ARM-based desktop computer ? (Hybrid computers ?: Low + High performance ;))

G

GMAN

I don't think so. Yes, AMD bought out ATI four years ago, so now produces
ATI graphics hardware in addition to (and sometimes combined with) its own
hardware. But AMD surely realizes that NVIDIA remains a very popular maker
of graphics hardware,

Not after their GPU and chipset fiasco. I sit here with a HP tx1000 that cost
over $1300 years ago , that now will not boot due to fried nvidia hardware.
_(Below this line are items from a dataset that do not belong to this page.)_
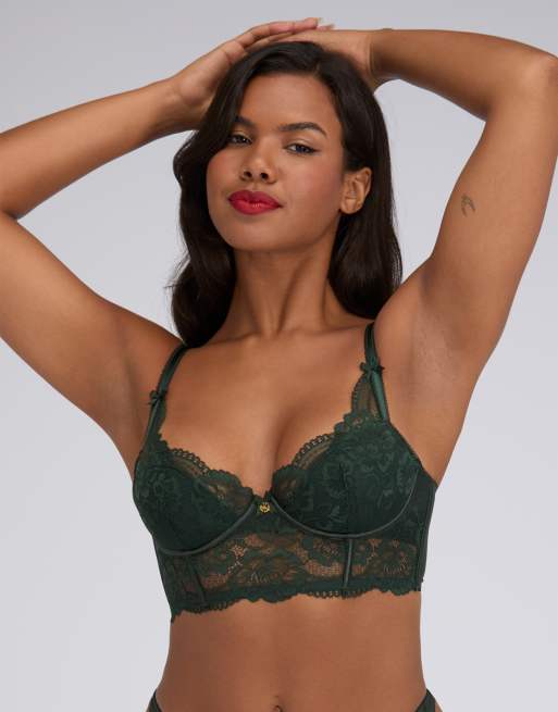 Boux Avenue Wren lace padded longline balconette bra underwired lingerie in bottle green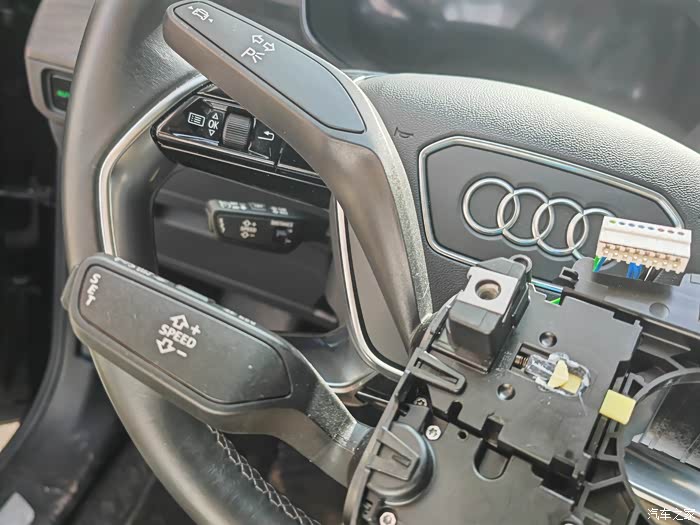 后面用车的时候越发觉得在城区和高速上开车没有ACC特别麻烦,长时间踩着刹车油门会让长途驾驶变得很累。于是专门找了一家奥迪改装店去咨询,了解到我的车出厂时其实已经在车头位置预留了前部摄像头和感应雷达,现在加装ACC只需要换一个原厂拨杆,再激活一下系统即可,方便快捷且价格也不贵,谈下来只要4000元。于是就委托改装门店订购了原厂ACC拨杆,待到货后就去安装激活ACC自适应巡航系统。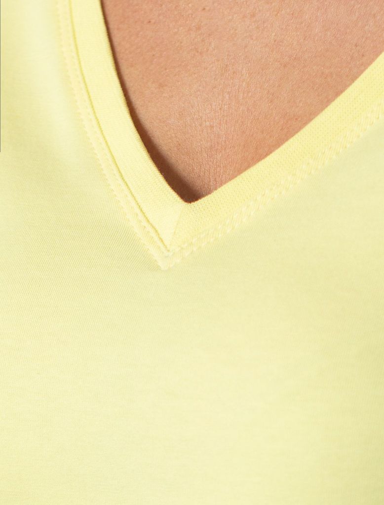 Состав: 92%Хлопок 8%ПУ Плотность: 170 Г/м2 Базовая футболка лимонного цвета с V-образным вырезом выполнена из премиального хлопка. Добавление эластана в состав изделия способствует формоустойчивости. ... Показать описаниеФутболка выполнена из качественного натурального материала, отлично сидит по фигуре и подходит для отдыха и работы. Преимущество этой модели - V-образный вырез, который подчеркивает линию шеи и придает внешнему виду элегантность. Такой фасон гармонично вписывается как в классические, так и в современные гардеробы. Декольте делает изделие более женственным и визуально вытягивает силуэт, создавая ощущение легкости. Такая футболка средней длины и классического кроя идеально подойдет под любую одежду. Модель доступна в больших размерах, чтобы каждая женщина могла подчеркнуть свою индивидуальность.

There are endless people suffering from this. Dell/HP/ even Apple have laptops
with this hardware in them.
 
M

MitchAlsup

I'm pretty sure AMD has allowed nVIDIA to integrate its GPU to AMD
processors especially family 10h core. The main cause was Dirk Meyer hates
Intel.

I do not believe that nVidia has integtrated with AMD chips, it is a
surprisingly difficult engineering effort withness the delay from ATI
acquisition to integrated chips.

The main cause 'for' buying ATI was that sooner or later the low end
processors were/are going to need a 'pretty' powerful graphics engine,
and these are not really candidates for either multi-core nor
daughtercard graphics which add too much cost (to the low end). This
decision was primarily Hector's and Dirk is just trying to make the
best of what landed on his plate.

Mitch
 
N

nik Simpson

No, AMD believes competition is good. AMD wants to secure discreete GPUs
market by allowing nVIDIA to do its own APUs.

There's a big difference between allowing NVidia graphics cards and
chipsets to work with AMD processors, and allowing NVidia to do an
integrated CPU/GPU. The former that just requires a functional PCIe
implementation, that latter is a major engineering project.